Children’s Health Policy Update: Fall 2019/Winter 2020
As we dive in to 2020, we’re sharing an update on policies and public programs that impact children’s health outcomes. We’ve included, important legislation to watch in the coming months, and a summary of vital public programs and funding included in FY2020 appropriations. By knowing what’s happened and what’s coming down the pike, children’s health advocates can work together to promote policies that help children and families achieve their optimal health and well-being.
Fairness for Breastfeeding Mothers Act signed into law
The Fairness for Breastfeeding Mothers Act, signed July 25, 2019, is an important step toward promoting policies that better support women toward reaching their breastfeeding goals. The law requires that certain federal buildings have a clean, private lactation space where women can pump breastmilk and breast/chest feed their babies. This bill expands on the previous law, which only required a designated lactation space for federal employees.

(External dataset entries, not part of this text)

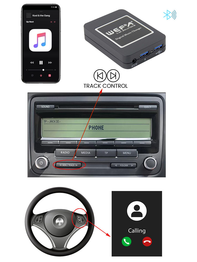 - Hands-free calling (HFP). Control is via your original car radio or steering wheel buttons (AVRCP).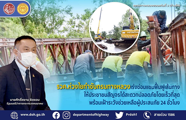 รัฐมนตรีว่าการกระทรวงคมนาคมห่วงใยกำชับกรมทางหลวงเร่งซ่อมแซมฟื้นฟูเส้นทางให้ประชาชนสัญจรได้สะดวกปลอดภัยโดยเร็วที่สุดพร้อมเฝ้าระวังช่วยเหลือผู้ประสบภัย 24 ชั่วโมง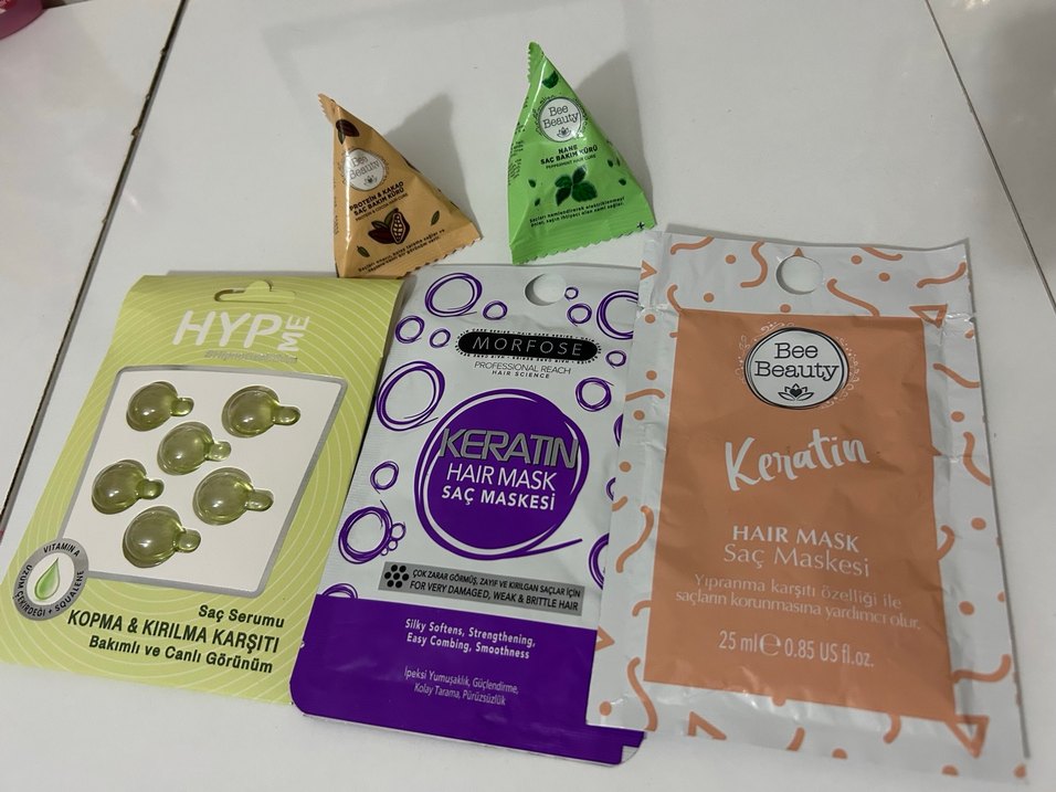 Keratin içeren 25ml'lik saç maskeleri seti, saçı yumuşatır, güçlendirir ve yıpranmaya karşı korur. Saç dokusunu iyileştirir ve kolay taranmasını sağlar.

Breastfeeding has numerous benefits on maternal and child health, including supporting mother-child bonding, reducing the risk of certain maternal cancers, and lowering the risk of Sudden Infant Death Syndrome (SIDS). The Fairness for Breastfeeding Mothers Act reflects the need for more policies that make it easier for mothers to incorporate breastfeeding into their daily lives. As internationally and nationally recognized breastfeeding expert, Lori Feldman-Winter, MD, MPH, puts it: “Women should feel empowered to meet their breastfeeding goals and their personal and workforce goals.” Read her article here, where she expands on the need for paid parental leave.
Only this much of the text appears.